● **What the task asks**
With the pictures left out, copy the records below exactly from the first line down to the line holding "- Basic shapes, different", and include that line.

● **Records from a dataset**
_ _ _ _ _

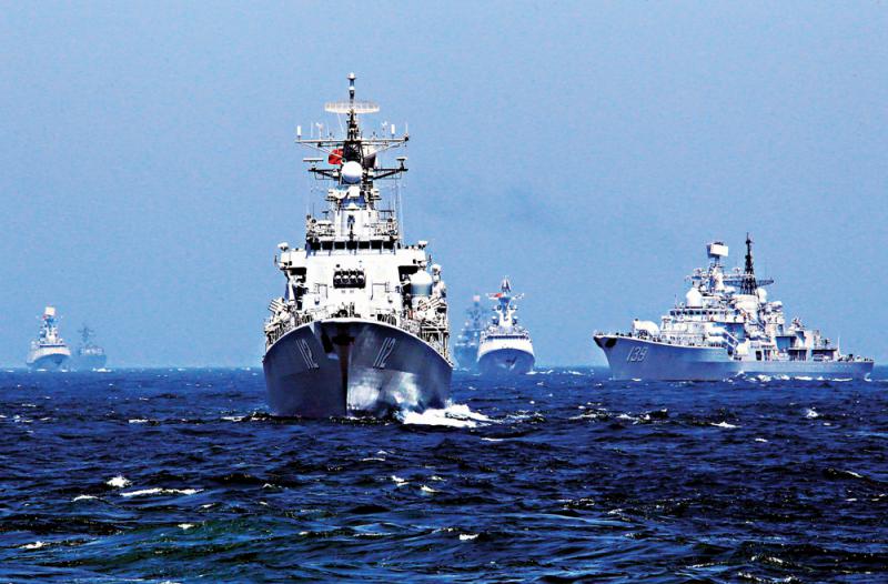 圖:中俄「海上聯合-2016」軍演將於12日在廣東湛江以東海空域舉行。圖為東海艦隊編隊2014年參演聯合反潛 資料圖片
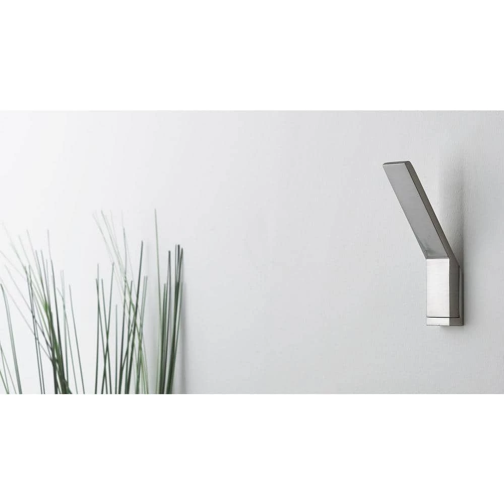 This single hook will optimize the clean lines of your contemporary theme. Smooth and simple, it blends discreetly with your other design elements. Mounting hardware is included for an easy installation.
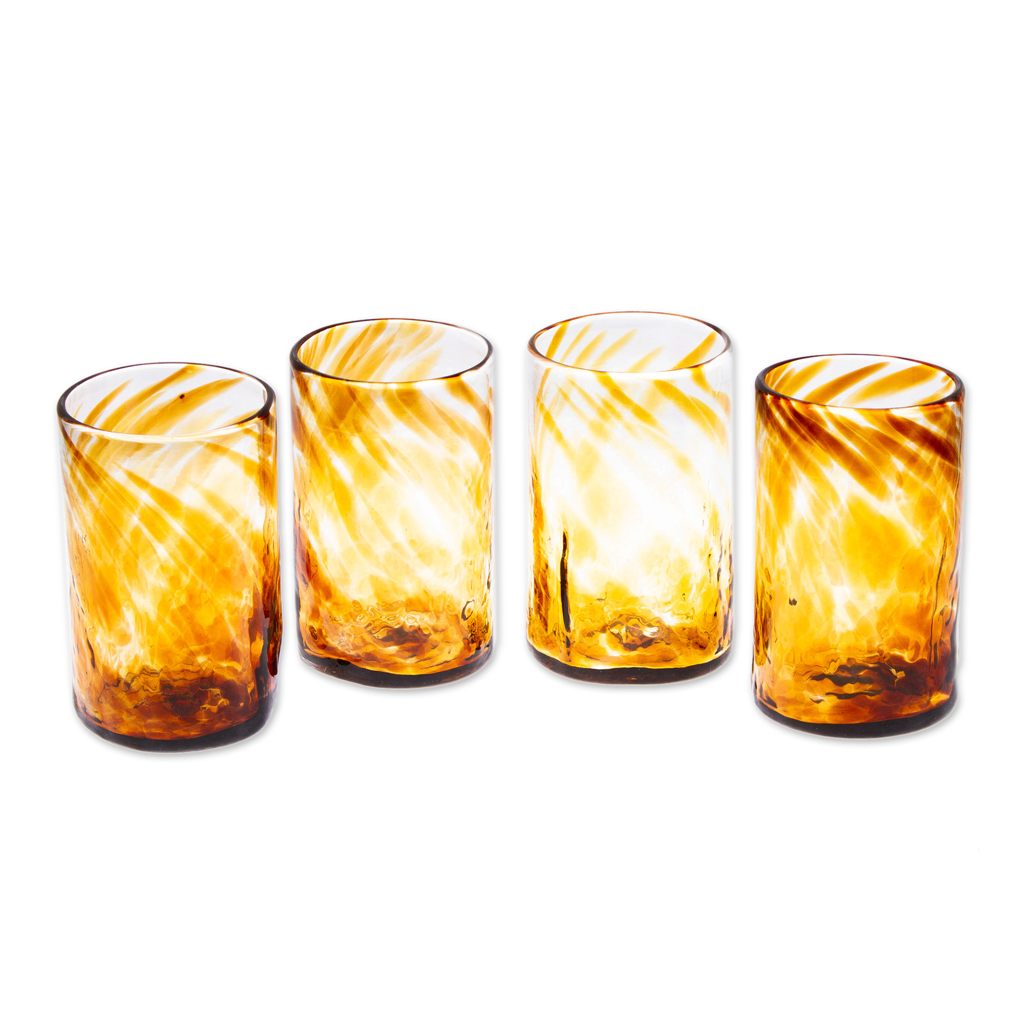 Guided by the wonders of nature, Salime Cruces creates stunning hand-blown glass designs that mirror its awe-inspiring textures, colors and shapes. Dedicated to environmental conservation, she incorporates recycled glass and sustainable energy sources, such as solar panels and recycled cooking oil for kiln firing. The Mexican artisan showcases a set of four lovely tumblers, each hand-blown from recycled glass and infused with captivating brown pigments, promising to elevate your next dinner party experience.
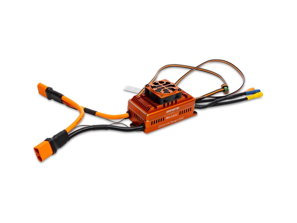 Nejvýkonnější letecký regulátor Spektrum Smart Avian 200A HV pro 6-14 článků LiPol, konektor IC5, s telemetrií SMART, která se přenáší prostřednictvím kompatibilních přijímačů Spektrum s telemetrií.. BEC max. 25A, stálý 10A. Rozměry 89x50x36mm, hmotnost 376g.
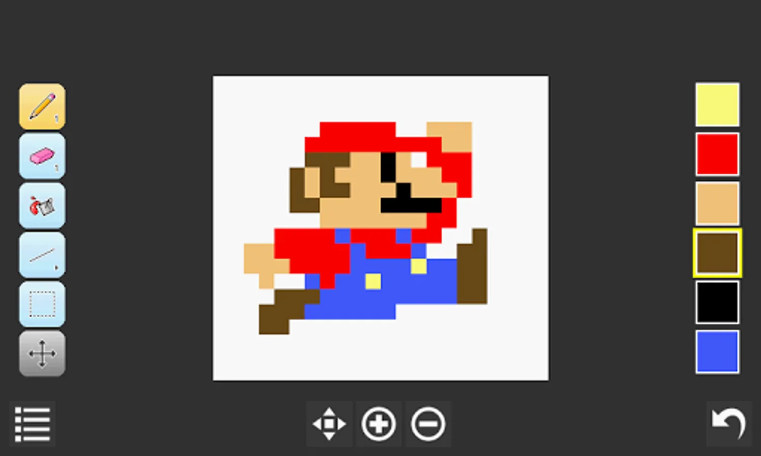 - Basic shapes, different pen/eraser sizes, flood filling, color dropper/picker, undo/redo
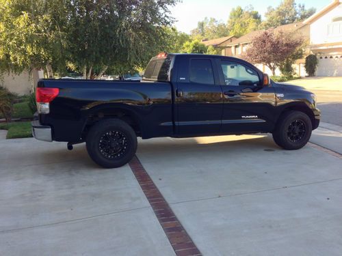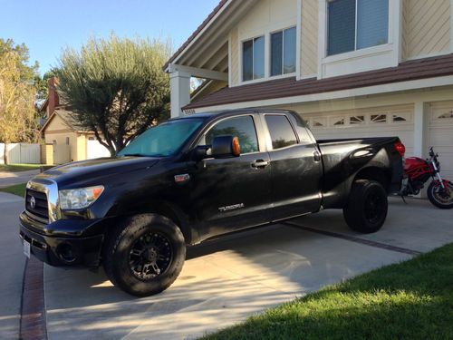 2007 Toyota Tundra. There is not a lot to say about this truck. I wanted the best and most reliable half ton and this was the obvious choice for me. It does have after market wheels and tires as you can see. Other than that there is an aftermarket radio with a USB cord and a bed liner. This truck has been great, but I need to get more economical and sell off some of my toys so I can go further my education and make a career change. So that means I have to get rid of this gorgeous truck. It is black just like a good looking truck should be. Also, as it is black it shoes imperfections here and there, but overall looks good.

_ _ _ _ _

● **Result**
 圖:中俄「海上聯合-2016」軍演將於12日在廣東湛江以東海空域舉行。圖為東海艦隊編隊2014年參演聯合反潛 資料圖片
 This single hook will optimize the clean lines of your contemporary theme. Smooth and simple, it blends discreetly with your other design elements. Mounting hardware is included for an easy installation.
 Guided by the wonders of nature, Salime Cruces creates stunning hand-blown glass designs that mirror its awe-inspiring textures, colors and shapes. Dedicated to environmental conservation, she incorporates recycled glass and sustainable energy sources, such as solar panels and recycled cooking oil for kiln firing. The Mexican artisan showcases a set of four lovely tumblers, each hand-blown from recycled glass and infused with captivating brown pigments, promising to elevate your next dinner party experience.
 Nejvýkonnější letecký regulátor Spektrum Smart Avian 200A HV pro 6-14 článků LiPol, konektor IC5, s telemetrií SMART, která se přenáší prostřednictvím kompatibilních přijímačů Spektrum s telemetrií.. BEC max. 25A, stálý 10A. Rozměry 89x50x36mm, hmotnost 376g.
 - Basic shapes, different pen/eraser sizes, flood filling, color dropper/picker, undo/redo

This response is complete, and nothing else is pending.